Launched in 2021, the Cartography collaboration aims to develop a cellular map of genes and proteins implicated across a range of immune-mediated inflammatory disorders and characterize pharmacologically relevant therapeutic targets.
Acknowledging the broad impact of immune mechanisms, Oxford is now expanding this ground-breaking work with Janssen to encompass diverse disorders prioritized by the highest unmet need, ranging from immune mediated disorders across several organs, cancer and neurodegeneration.
The three-year expansion adds four new areas: Infectious Disease, Vaccines, Oncology and Neuroscience. These areas will utilize the infrastructure established in the original project to address knowledge gaps in an efficient, multi-faceted approach.
The team of Principal Investigators, Fellows and support roles create a large powerful consortium to tackle the research challenges. Working alongside the current four Postdoctoral Fellows, will be an additional four Fellows focussing on specific disease areas as well as supporting the overall bioinformatics aspects of the programme. This represents a unique opportunity for Fellows and PIs to work on an industrially collaborative project involving multiple departments and disease area strongholds at Janssen all contributing to the large body of data and outcomes.
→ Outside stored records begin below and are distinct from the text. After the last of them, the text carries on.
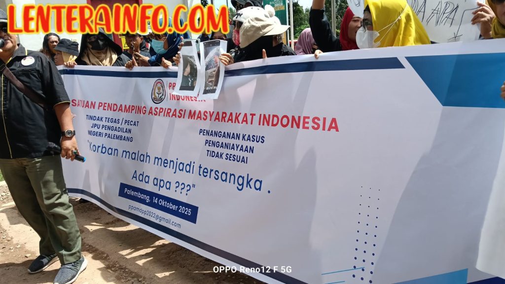 Lenterainfo.com – Palembang,Ratusan massa dari Persatuan Pendamping Aspirasi Masyarakat Indonesia (PPAMI) menggelar aksi damai di halaman Kejaksaan Tinggi Sumatera Selatan (Kejati Sumsel), Selasa (14/10/2025).Aksi tersebut menyoroti penanganan kasus dugaan penganiayaan yang dinilai janggal karena korban justru ditetapkan sebagai tersangka.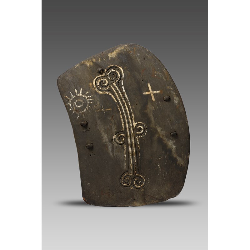 with a carved linear and scroll motif, highlighted with white pigment and painted a sun and two X's, with an encrusted patina and with fibre and cloth strap handle,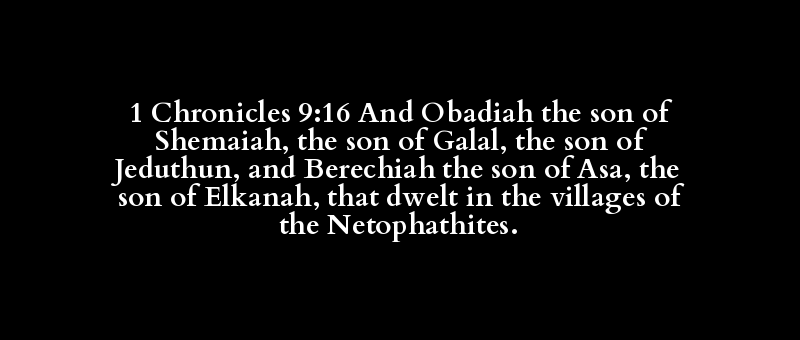 1 Chronicles 9:16 And Obadiah the son of Shemaiah, the son of Galal, the son of Jeduthun, and Berechiah the son of Asa, the son of Elkanah, that dwelt in the villages of the Netophathites.

Lead Oxford investigator for the project, Professor Holm Uhlig said,
'The Cartography projects will allow us to understand cellular networks across multiple diseases and organs and they will establish a research ecosystem to collaborate across disciplines with a group of Janssen and Oxford scientists. Our ultimate aim is to understand tissue adaptation and disease mechanisms that allow us to develop treatments faster and based on cellular mechanisms.’
Chas Bountra, Pro-Vice Chancellor for Innovation and Professor of Translational Medicine said,
‘This has already proved to be an exciting, innovative and impactful collaboration. The team have laid the foundations for accelerating our understanding of human disease pathophysiology at the cellular and molecular level, and offering the potential for discovering new drug targets, establishing new biomarker signatures and creating possibilities for drug repurposing, across a range of inflammatory diseases. I am thrilled this is now being expanded to include other therapeutic areas. My compliments to the team for the progress, and all the leaders for providing the vision and ensuring increased momentum.’